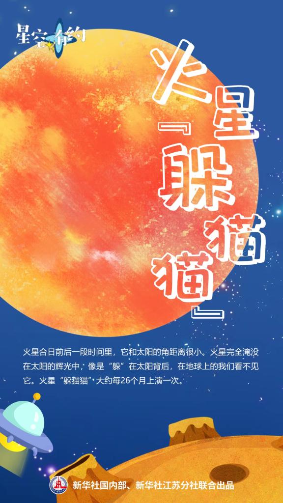 “具體來(lái)說(shuō),火星合日前后一段時(shí)間里,它和太陽(yáng)的角距離很小。火星像是‘躲’在太陽(yáng)背后,在地球上的我們看不見(jiàn)它。”王科超說(shuō),火星和地球每一輪會(huì)合周期中,都將迎來(lái)一次火星合日。二者平均會(huì)合周期約為780天,火星“躲貓貓”也大約每26個(gè)月上演一次。
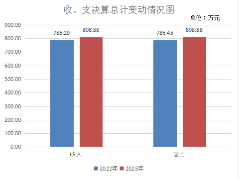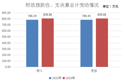 2023年度收、支总计均为808.88万元。与2022年度相比,收入总计增加22.59万元、支出总计增加22.43万元,分别增长2.9%、2.9%。主要变动原因是我单位编制内实有人数增加,导致人员基本支出及日常事务公用支出收支增加。
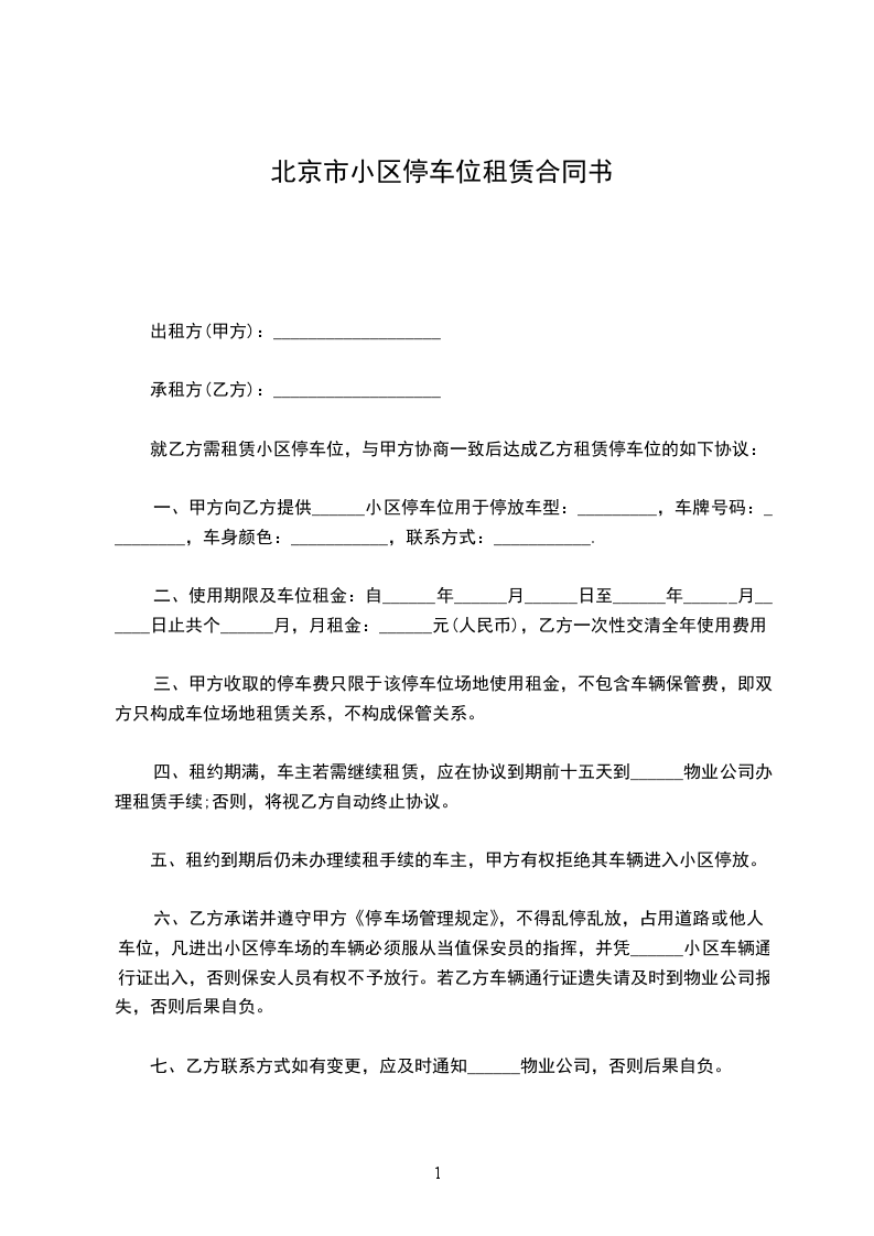 一、甲方向乙方提供______小区停车位用于停放车型:_________,车牌号码:_________,车身颜色:___________,联系方式:___________.
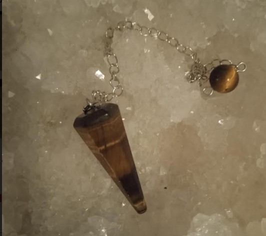 Pendule oeil de tigre facetté en pointe. Oeil de tigre: courage, confiance en soi, protection...
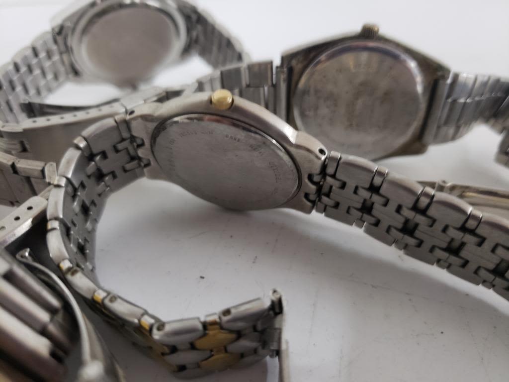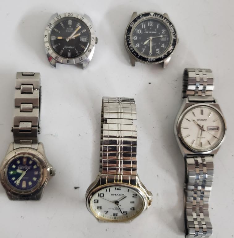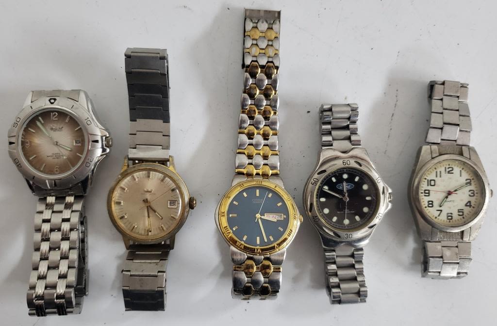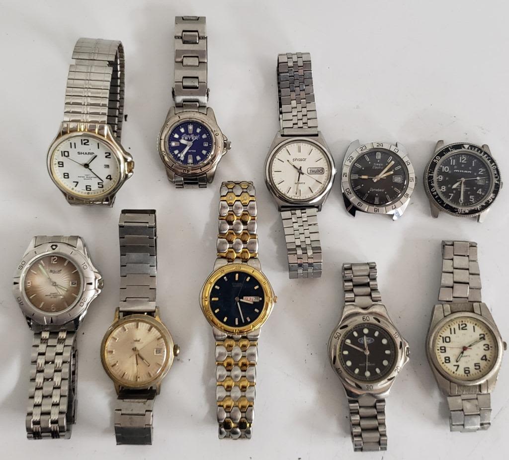 Not tested as to working or not-most will need battery replacement-some for parts or repair -some may work:10 MENS WATCHES-FORD, SHARP, PHASAR, CITIZEN, MILAN, TIMEX , WEST CLOX, EDDIE BAUER
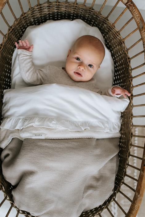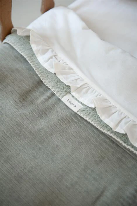 Val jij ook voor de dromerige Ruffle sheet? Met het ruffle randje dat boven de deken uitpiept, maak je een romantische styling compleet of voeg je net dat dromigere detail toe aan je stoere inrichting. Combineer de Ruffle sheet met je favoriete Koeka deken.
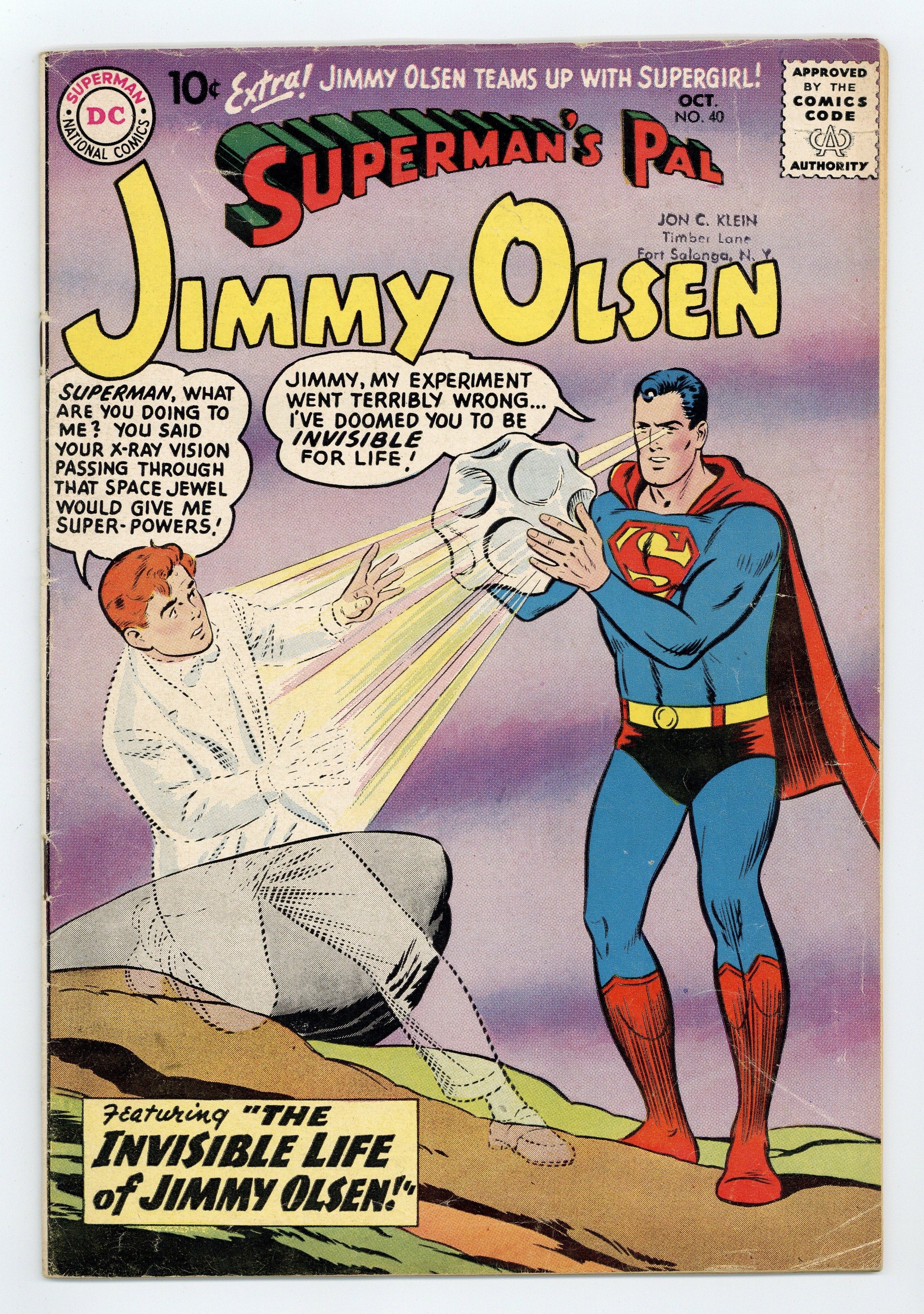 Cover pencils by Curt Swan, inks by Stan Kaye. The Invisible Life of Jimmy Olsen!, script by Otto Binder; a meteor Superman gives to Jimmy makes him invisible. Jimmy Olsen, Supergirl's Pal!, script by Otto Binder; Jimmy determines that Colonel Colby's Show of Wonders is a fraud. Jimmy Olsen, Juvenile Delinquent!, script by Robert Bernstein. Pencils by Curt Swan, inks by John Forte. 36 Pages, Full Color. Cover price $0.10.
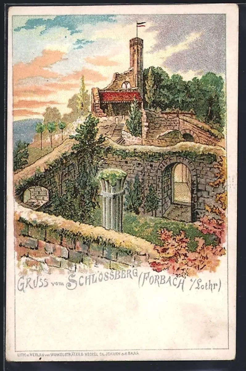 Lithographie Forbach /Lothr., Ruine auf dem Schlossberg
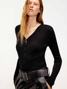 - V-neck and button closure detail
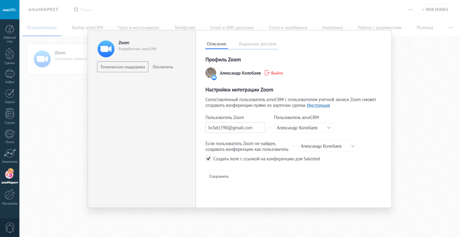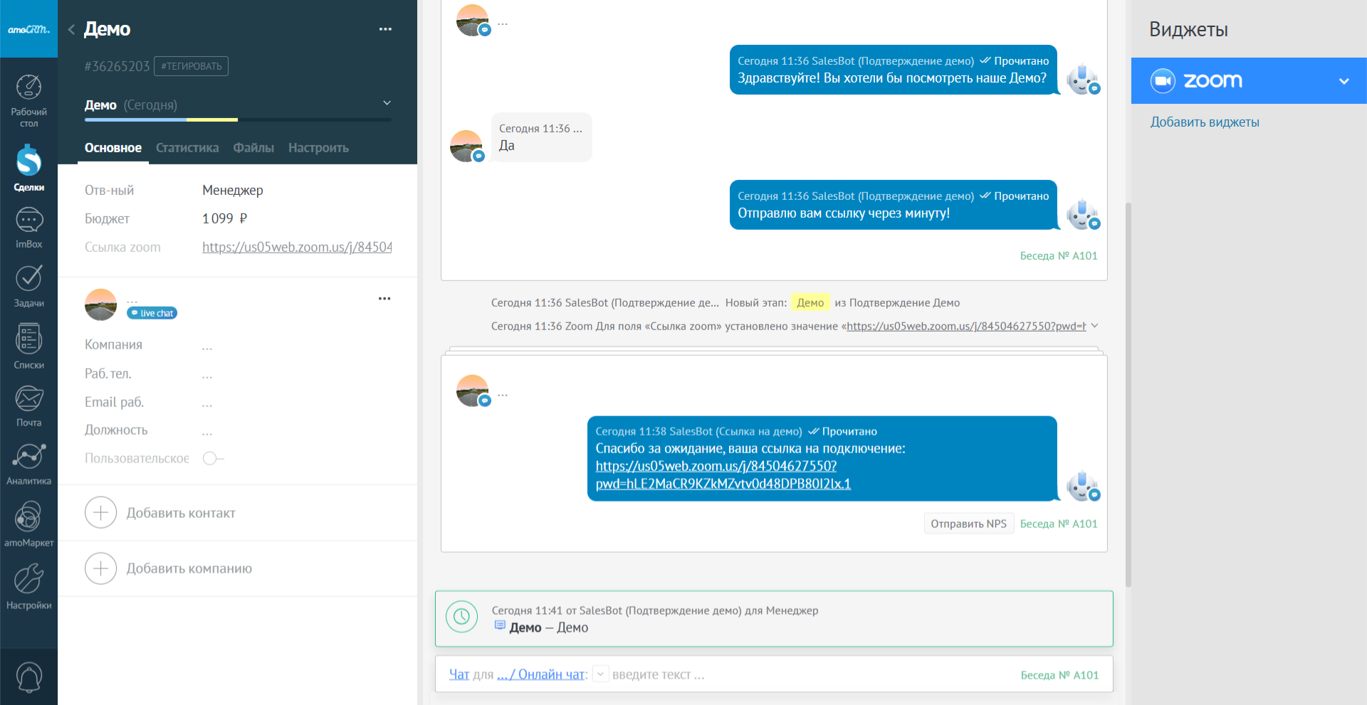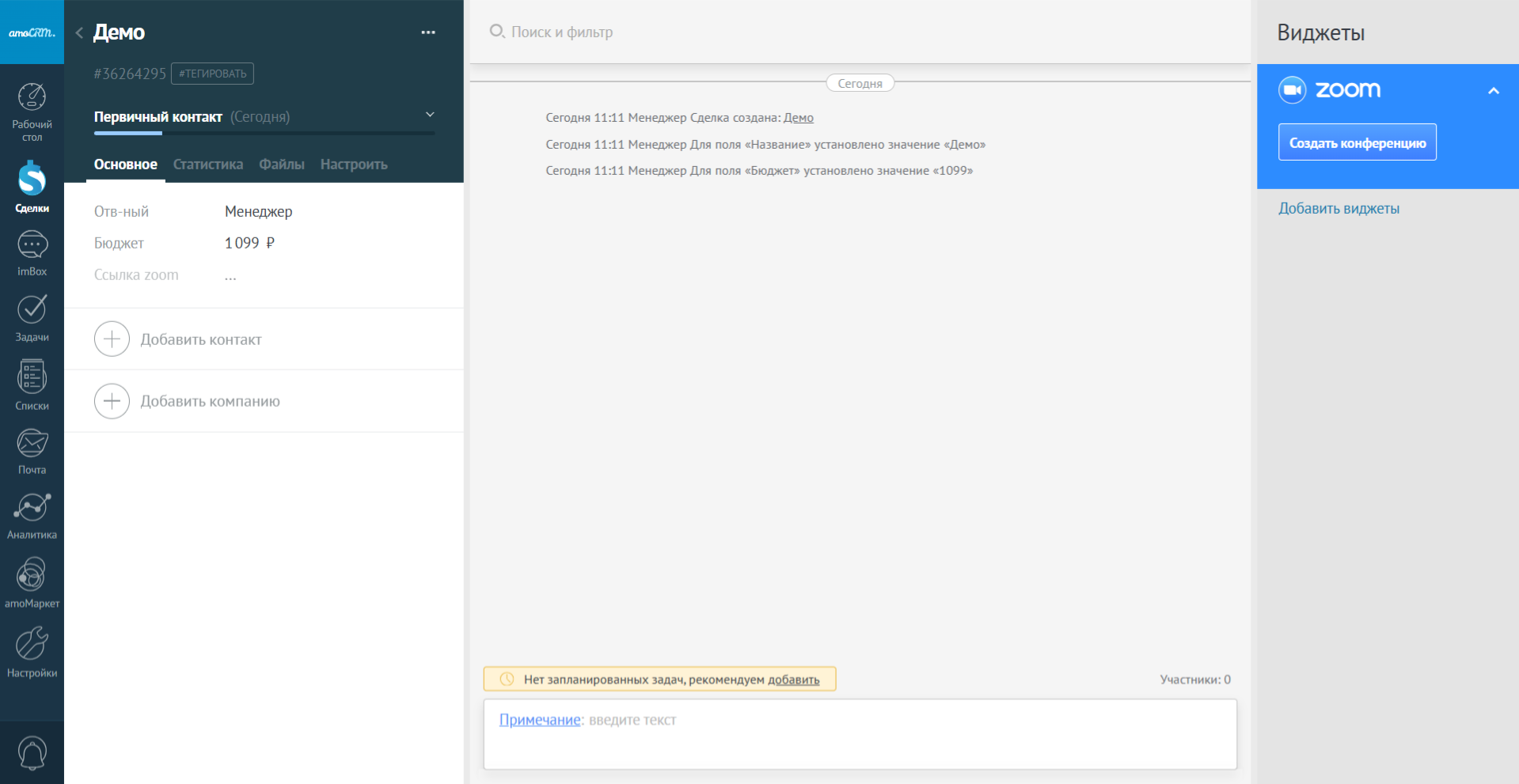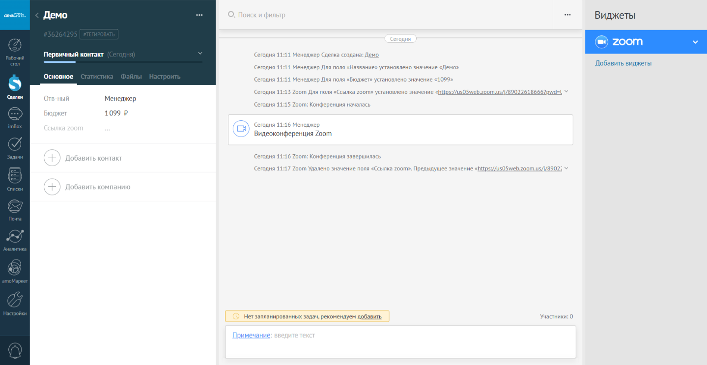 Сами конференции проходят на стороне сервиса Zoom. При окончании конференции создастся примечание в карточке Сделки.

• _Work request_
Starting at the line that holds "Val jij ook", repeat every line through the end of the listing exactly as written, skipping any picture.

• _Your solution_
 Val jij ook voor de dromerige Ruffle sheet? Met het ruffle randje dat boven de deken uitpiept, maak je een romantische styling compleet of voeg je net dat dromigere detail toe aan je stoere inrichting. Combineer de Ruffle sheet met je favoriete Koeka deken.
 Cover pencils by Curt Swan, inks by Stan Kaye. The Invisible Life of Jimmy Olsen!, script by Otto Binder; a meteor Superman gives to Jimmy makes him invisible. Jimmy Olsen, Supergirl's Pal!, script by Otto Binder; Jimmy determines that Colonel Colby's Show of Wonders is a fraud. Jimmy Olsen, Juvenile Delinquent!, script by Robert Bernstein. Pencils by Curt Swan, inks by John Forte. 36 Pages, Full Color. Cover price $0.10.
 Lithographie Forbach /Lothr., Ruine auf dem Schlossberg
 - V-neck and button closure detail
 Сами конференции проходят на стороне сервиса Zoom. При окончании конференции создастся примечание в карточке Сделки.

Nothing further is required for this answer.